Маркел не возражал. Отец был тоже очень разволнован, кутался в тулупчик свой. А меня нельзя уж было более утихомирить. Вечером мы запрягли тележку и отправились в Ивановское.
Петр Степанович жил за селом, снимал избу напротив кладбища. Я знала, что хозяйки его нет, уехала в Москву. Это отлично.
Маркел захватил книги, шахматы. Петра Степаныча застали — переписывал он роли из Островского. Маркелу удивился, но сочувственно. И подтвердил, что сейчас жутко: в Телякове тоже стал отряд, арестовали Чокрака, вообще, дурные вести.
— Ну, ничего — он скромно улыбнулся в узкую бородку — мы пробудем с вами несколько деньков, а потом лучше вам в Москву на время…

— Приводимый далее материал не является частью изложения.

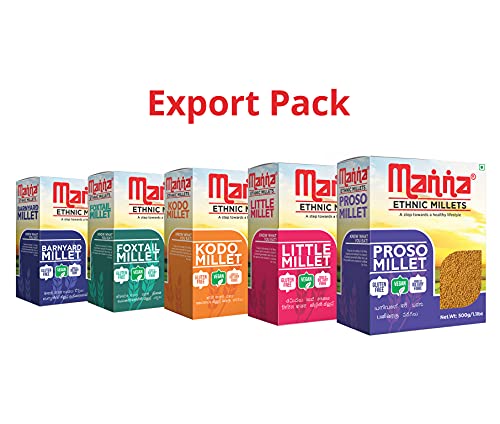 Manna Millets – Natural Grains Combo Pack Of 5 | Foxtail 500g, Kodo 500g, Proso 500g, Little 500g, Barnyard 500g, Nutrient Powerhouse, High Protein & 100% More Fibre Than Rice

Я все-таки уехала встревоженной.
А на другой день мы узнали в Галкине, что Чокрака убили. Застрелили в собственном же парке, вблизи склепа князей Вадбольских, ранее имением владевших. Аня-Мышка, задыхаясь от волнения и возбуждения, передала подробно.
— Он здоровый, а они неловкие, до семи раз стреляли, пря-ямо! Он как падет, да подымется, кричит: «Стрелять вы не умеете, анафемы», так смотреть собралась вся деревня, как его решали. А уж барышня, дочь, билась, все просила, чтобы папочку не убивали, пря-ямо! Только комиссар уж догадался, ка-ак ему в затылок из винтовки дал, сразу и кончил…
Андрюша слушал молча. Ничего он не сказал, а только побледнел, ушел наверх. Потом оделся и бродил в саду — почти его я и не видела.
Отец тоже молчал. И почему-то принялся солярничать. Стругал, пилил на верстаке своем, и так умаялся, что ужинать не вышел, лег в постель. Я не могла остаться дома. Побежала я в Ивановское, к заточенному Маркелу. Там застала Мусю. Маркел с Петром Степанычем играли в шахматы, завесив окна. Малая лампочка с зеленым абажуром освещала стол их, с книгами, босым Толстым, астрономическою картою. Чисто, тихо, точно в комнатке курсистки. Муся мрачно заседала на постели, подобрав ноги, и накинувши пальтишко.
— А у нас отряд. Красавин действует. Сегодня Кольку в город отвезли.
Учитель волновался и краснел. Настроение невеселое.
— Нас завтра выселяют в красный домик. Наплевать, конечно. Вы как думаете, Кольку расстреляют? Вот и «папочка»… А мы смеялись. Петр Степаныч, что вы можете сказать со звездами своими, когда… до семи раз?
— В человеческой свирепости не виноваты звезды.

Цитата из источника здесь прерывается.